Any photos of them or the housing, if you dont want to say you could PM me. 

Kieron


----------



## Alex27 (Jul 26, 2008)

KJ Exotics said:


> So who keeps any DWA mammals or *rodents*.
> Any photos of them or the housing, if you dont want to say you could PM me.
> 
> Kieron


:hmm:








:no1:


----------



## Danny_mcr (Oct 22, 2008)

pastelpythons27 said:


> :hmm:
> 
> 
> 
> ...


:censor: amazing m8:no1:


----------



## Alex27 (Jul 26, 2008)

Danny_mcr said:


> :censor: amazing m8:no1:


i do wonder what rodents are dwa?


----------



## wildlifewarrior (Jun 26, 2008)

pastelpythons27 said:


> i do wonder what rodents are dwa?


those rats that cause the black death.


----------



## stuartdouglas (Mar 5, 2008)

_Rattus norvegicus........_but it wasn't the rats, it was the fleas on the rats that caused the outbreak


----------



## wildlifewarrior (Jun 26, 2008)

ACTUALLY
it was tiny little skellington men as shown in the picture below.:lol2:


----------



## chimpy666 (Jan 2, 2007)

my mates girlfriend is a DWA Mammal


----------



## Rain (Oct 9, 2007)

stuartdouglas said:


> _Rattus norvegicus........_but it wasn't the rats, it was the fleas on the rats that caused the outbreak


 I thought it was rattus rattus not novegicus??


----------



## wildlifewarrior (Jun 26, 2008)

From what i have read, they thought it was rattus at first but they were over ridden by novegicus....or something along those lines


----------



## gtm (Jan 23, 2008)

wildlifewarrior said:


> those rats that cause the black death.


It may not have been anything to do with rats, fleas or bubonic plague. Some epidemiologists think the black death may have been an unknow hemorrahagic fever (like Ebola).

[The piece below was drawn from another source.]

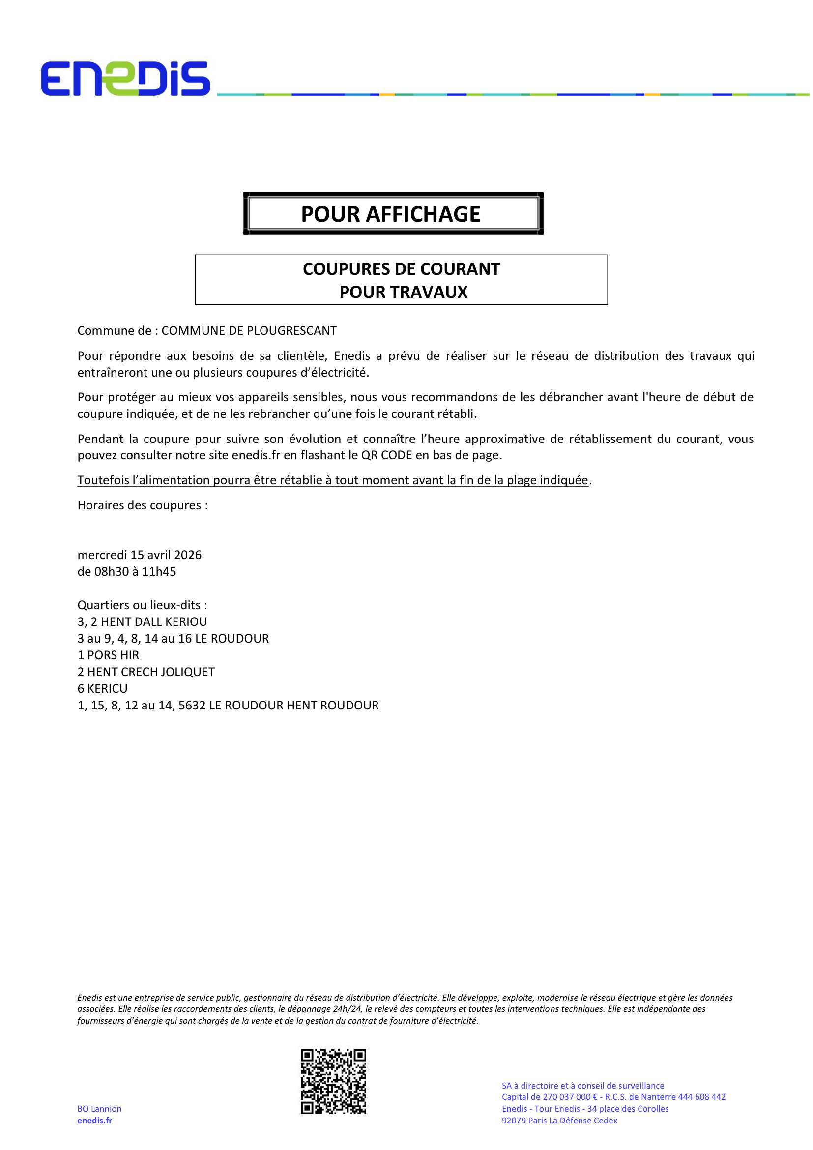 Actualités MairieActualités Vie QuotidiennePage Accueil ⚠️ COUPURE ENEDIS : Mercredi 15 avril 14 avril 2026 Communications

How come 2/3rds of the population of Iceland died? No rats there.


----------



## stuartdouglas (Mar 5, 2008)

fleas. a village near where I grew up was wiped out by the plague as a result of bolts of cloth being bought into the village from London, fleas were in the cloth, fleas bit people, people got plague......etc


----------



## gtm (Jan 23, 2008)

I found dangerous aussie mice.

BBC NEWS | World | Asia-Pacific | Mice 'attack' elderly Australians


----------



## wildlifewarrior (Jun 26, 2008)

gtm said:


> How come 2/3rds of the population of Iceland died? No rats there.



of course theres no rats in iceland ,Kerry Katona scared them all away


----------



## Danny_mcr (Oct 22, 2008)

wildlifewarrior said:


> of course theres no rats in iceland ,Kerry Katona scared them all away


:lol2: i didnt think about that


----------



## wildlifewarrior (Jun 26, 2008)

yea dude, shes deadly. she even used to live in the jungle:gasp:


----------



## fatbloke (Apr 6, 2008)

pastelpythons27 said:


> :hmm:
> 
> 
> 
> ...


 cool i want 1

must be the only hamster not getting feed to a snake lol


----------



## wildlifewarrior (Jun 26, 2008)

nah your wrong...u anit seen the knife on the snakes back:Na_Na_Na_Na:


----------



## Herpquest (Jul 18, 2008)

It was the Black or Ship Rat - Rattus Rattus, that carried the fleas responsible for causing the Bubonic plague in the 14th century.


----------